What the exercise asks -
Retype every line from the start of the entries below down to the line with "Prepare su paraguas", both ends included; skip the pictures.

= = =

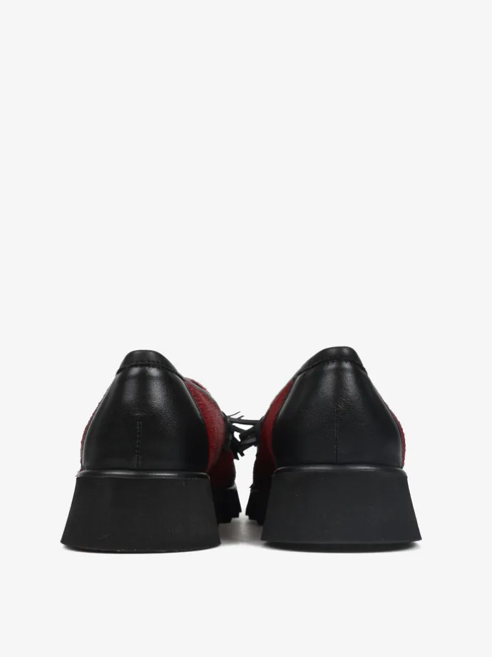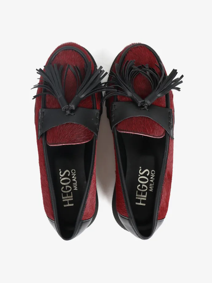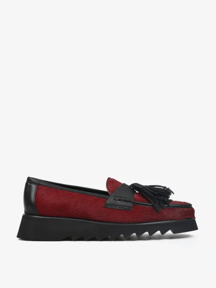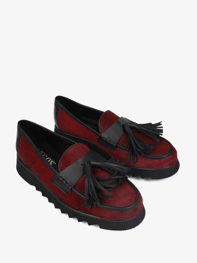 Bordowe mokasyny na efektownej podeszwie wykonane z naturalnej skóry z włosiem. Ozdobna patka z frędzlami.
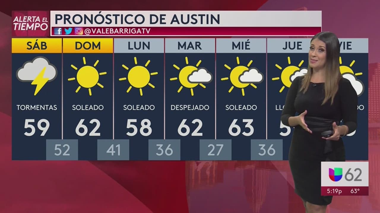 Prepare su paraguas porque este sábado se pronostican lluvias en la capital texana durante casi todo el día con temperaturas máximas de 59°F, pero para el domingo se esperan cielos despejados y máximas en los 62°F.
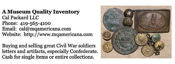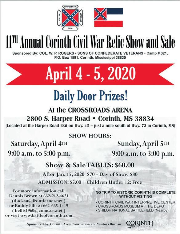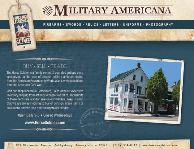Michael Simens HistoricalArms.com Tel: 440-744-9088 • mail@HistoricalArms.net Beautiful Winchesters A Conrad Ulrich Masterpiece Remarkable Presentations A Gift To Eli Whitney, Jr. Michael Simens HistoricalArms.com Tel: 440-744-9088 • mail@HistoricalArms.net Spectacular Groupings Inscribed And/Or Notarized Provenances Michael Simens HistoricalArms.com Tel: 440-744-9088 • mail@HistoricalArms.net Michael Simens HistoricalArms.com Tel: 440-744-9088 • mail@HistoricalArms.net Magnificent Swords Georgia Presentation To William J. Hardee. Later Confederate Lieut. General. We Buy, Sell, Authentic And Appraise World-Class Historical Artifacts Valuable Colts Michael Simens • HistoricalArms.com Tel: 440-744-9088 • mail@HistoricalArms.net Attributed To Rembrandt Peale Fine Antiques & Militaria Military Items 1650-1945 Armor Swords Firearms Bayonets Equipment Accoutrements www.csarms.com PO Box 602 9150 John S. Mosby Hwy. Upperville, Virginia 20185 Shop Phone: 540-592-7273 Email: sophiacsarms@aol.com C.S. Arms, Inc. Specialize in U.S. & British Militaria Old South Antiques, LLC Hickory Hill Mansion, 9222 Wickham Manor Way, Ashland, VA 23005 CARSON SQUEEGIE JENKINS 321.505.7524 WWW.SQUEEGIE.NET DESIGN SERVICES PRINT MEDIA ILLUSTRATIONS WEB ADVERTISING ANIMATIONS PACKAGE DESIGN CORPORATE BRANDING PRINT & MAGAZINE ADS LOGO DESIGN TEXTILE/ T-SHIRTS WEBSITES DESIGN MENU DESIGNS BROCHURES EVENT POSTERS BUSINESS CARDS 3D RENDERINGS MARKETING NEW BUSINESS START-UP PACKAGES AVAILABLE The Historical Shop Margaret & Cary Delery Box 73244 Metairie, LA 70033 Phone: 504-467-2532 c.j.delery@att.net www.historicalshop.com Since 1978 selling rare Americana Historical Shop The e Early American items through the Civil War artifacts, autographs, photography, currency, bonds, historical displays, military items, and more…… P.O. Box 160 • Kingston, TN 37763 Phone: 803-431-1798 • Email: vann@veteransattic.com www.VeteransAttic.com Vann Martin United Confederate Veterans, Grand Army of the Republic, Civil War Photographs and other Civil War items. Civil War Military Longarms a Specialty ConfederateArmsCompany.com 1209 Victor II Blvd., Morgan City, La. 70380 Cell: 985-518-1802 • Email: leegray@LHprinting.com Lee Gray Confederate Arms Company PO Box 129 Dover, TN 37058 Buying & Selling: Images Artillery Firearms Dug Relics Edged Weapons Non-dug Artifacts John & Nikki Walsh Fort Donelson Relics FortDonelsonRelics.com Full Line Civil War Artifact Dealer Email: john@fortdonelsonrelics.com P.O. Box 160 • Kingston, TN 37763 Phone: 803-431-1798 • Email: vann@veteransattic.com www.VeteransAttic.com Vann Martin United Confederate Veterans, Grand Army of the Republic, Civil War Photographs and other Civil War items. David K. Parks Military Antiques PO Box 180674 Utica, MI 48318-0674 Phone: 586-871-6462 Email: dkpma@comcast.net Offering a large selection of Civil War and Historical Memorabilia ranging from the Revolutionary War to World War I (emphasis on the American Civil War). On line catalog regularly offers over 700 items from nearly every category of collecting. www.RelicsOfHistory.com “Reproduction Antique Spectacles to suit all sights” Authentic reproduction Civil War era eyeglasses to fit your lifestyle. Historically accurate, ophthalmic quality eyeglass frames suitable for reading, distance, bifocals, progressive lenses, sunglasses & nonprescription tinted lenses. Made for full time wear. “Spectacles are most overlooked, most obvious way to spoil an otherwise fine impression.” Thomas Valenza, Optician When you are ready to complete your impression, visit us online for detailed information about our spectacles: www.HistoricEyeWearCompany.com Prices start at $139.95 862.812.4737 Left: Unidentified Union soldier wearing oblong spectacles (Library of Congress) Above Right: First Lieutenant Adam J. Slemmer, defender of Fort Pickens (U.S. Army Heritage & Education Center) The Best Civil War Era Spectacles Buying and Selling original Civil War Confederate & Union Buttons, Belt Buckles, and Accoutrements. NCCivilWarRelics.com PO Box 2122 • Morehead City, NC 28557 • Phone: 252-671-7770 Email: sales@nccivilwarrelics.com or AGaskins1@ec.rr.com Allen Gaskins North Carolina Civil War Relics Robert Jones • 119 Frances Ave. • Stanhope, NJ 07874 Phone: 973-810-2976 • Email: Bob33rd@optonline.net We sell original Civil War artifacts, both excavated and non-excavated. There is also a selection of mid-19th century antiques. Yankee Rebel Antiques www.YankeeRebelAntiques.com Proprietor, Robert Jones, is the author of seven books on Civil War subjects: The Civil War Canteen Civil War Artillery – A Pictorial Introduction Children at the Battle of Gettysburg –Their Unforgettable Summer The Civil War Canteen Second Edition, Battle of Gettysburg –The Relics, Artifacts & Souvenirs, The Civil War Soldier – His Personal Items, and The Civil War Canteen – Third Edition He has also written articles for North/South Trader Civil War magazine. Order his books online at http://www.lulu.com/spotlight/civilwarbooks Promoters of Quality Shows for Shooters, Collectors, Civil War and Militaria Enthusiasts Military Collectible & Gun & Knife Shows Mike Kent and Associates, LLC • PO Box 685 • Monroe, GA 30655 (770) 630-7296 • Mike@MKShows.com • www.MKShows.com February 1 & 2, 2020 Chickamauga (Dalton) Civil War Show November 14 & 15, 2020 Capital of the Confederacy Civil War Show December 5 & 6, 2020 Middle TN (Franklin) Civil War Show l l Antique Flag Conservation Services Save your family heirlooms and valuable textiles Specialist in Civil War flag Restoration and Conservation Custom affordable rates free estimates/fully insured email heritageconservationva@gmail.com Or call Josh Phillips at 540-320-6588 Heritage Conservation, LLC SELLING CIVIL WAR MILITARIA Journey’s End Antiques Antiques • Collectibles Paper Money • US Coins Furniture • Glassware Old Toys, Dolls & Trains Paul Brill apbrill@earthl
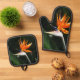 Bird of Paradise Orange Tropical Flower Oven Mitt & Pot Holder Set
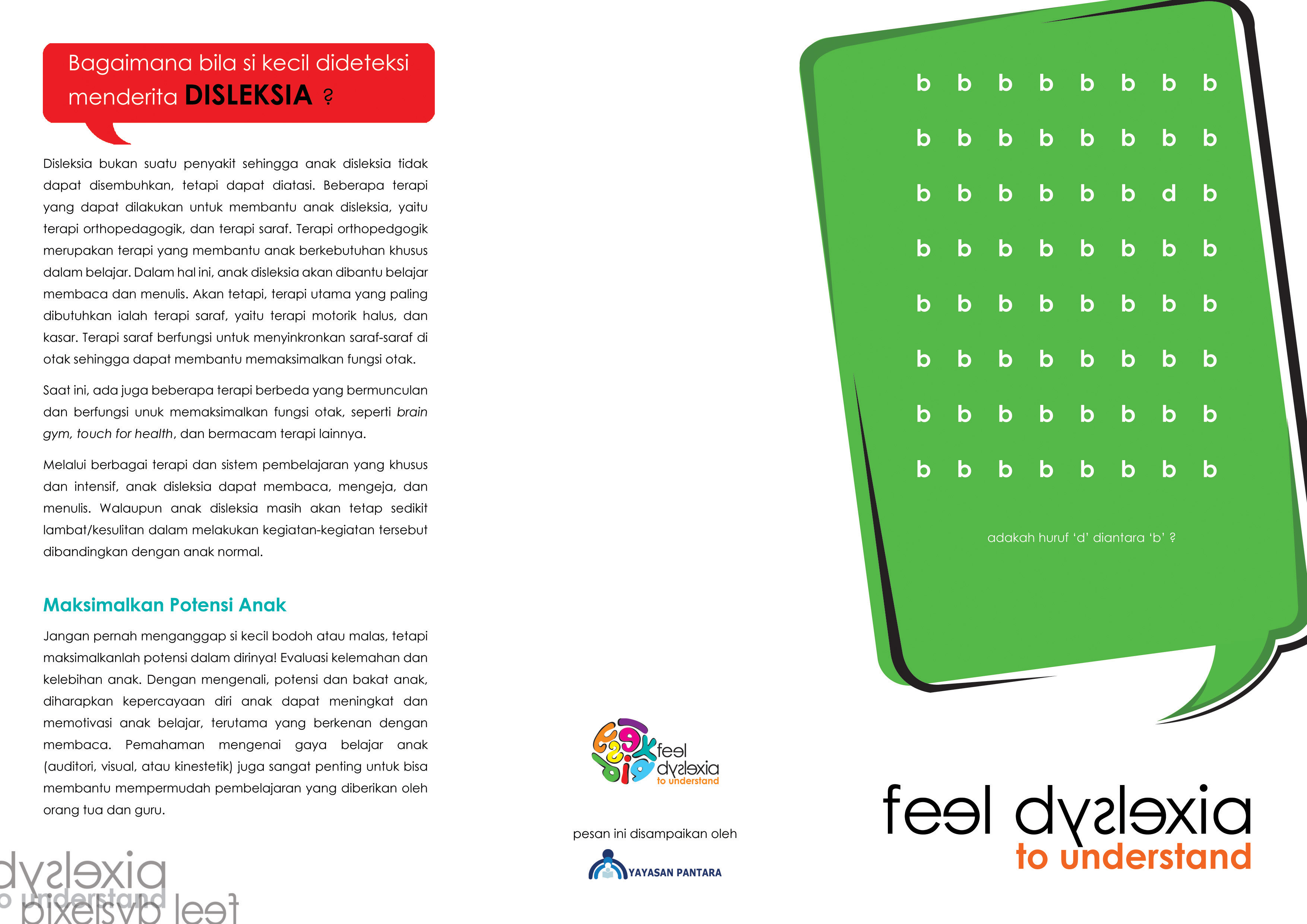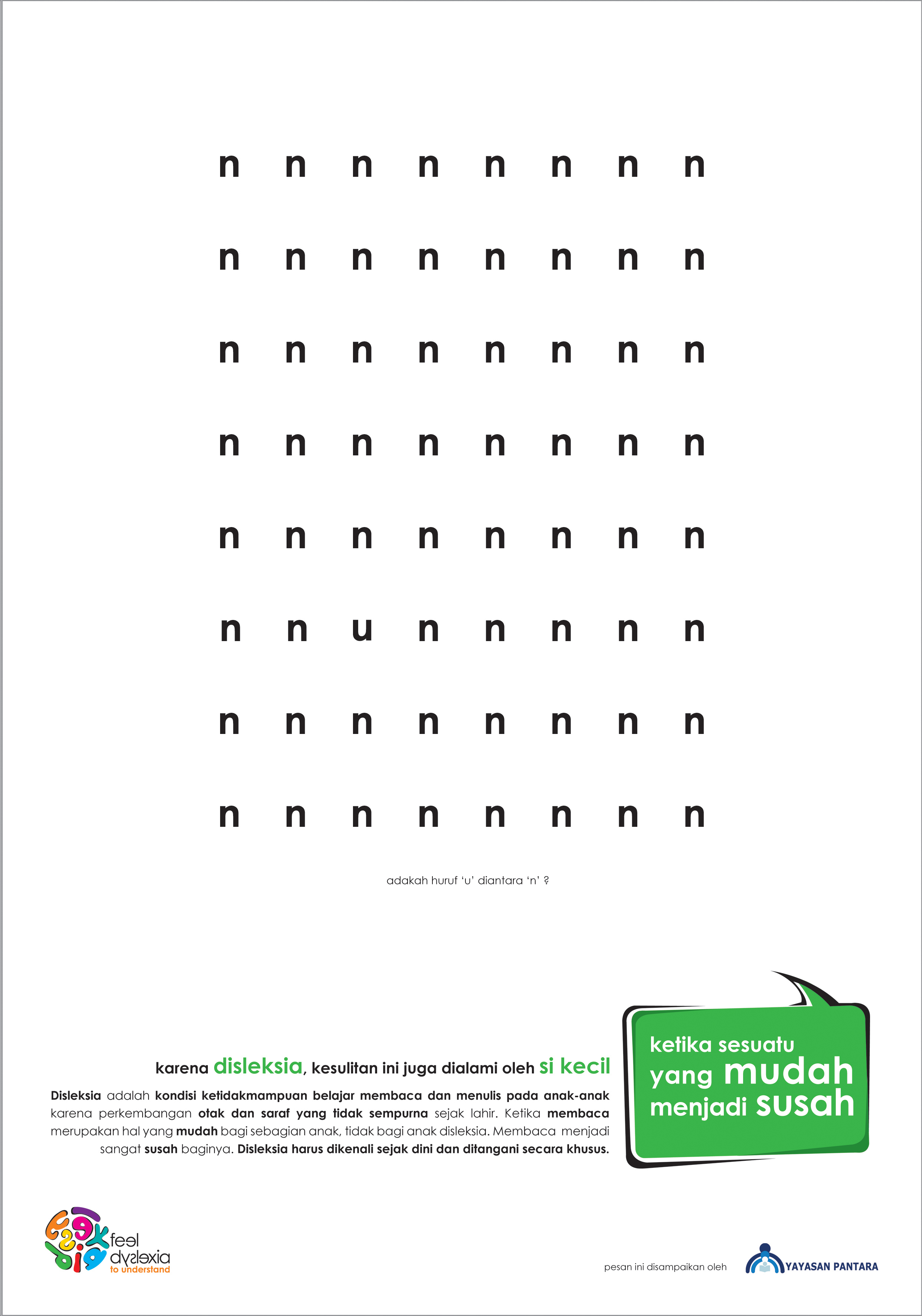 Disleksia adalah kondisi ketidakmampuan belajar khusus membaca dan menulis pada anak-anak sejak lahir karena adanya perkembangan otak dan saraf yang tidak sempurna. Kondisi ini cukup menyusahkan anak dalam belajar dan. Namun, ketidaktahuan masyarakat mengenai kondisi ini membuat anak disleksia tidak terdeteksi dan tertangani, serta dicap sebagai anak bodoh, malas, dan tidak bermasa depan. Oleh karena itu, perancangan Iklan Layanan Masyarakat ini dibuat dengan tujuan mengenalkan dan menyadarkan masyarakat akan adanya kondisi disleksia yang dapat terjadi pada anak-anak.

= = =

Your solution -
 Bordowe mokasyny na efektownej podeszwie wykonane z naturalnej skóry z włosiem. Ozdobna patka z frędzlami.
 Prepare su paraguas porque este sábado se pronostican lluvias en la capital texana durante casi todo el día con temperaturas máximas de 59°F, pero para el domingo se esperan cielos despejados y máximas en los 62°F.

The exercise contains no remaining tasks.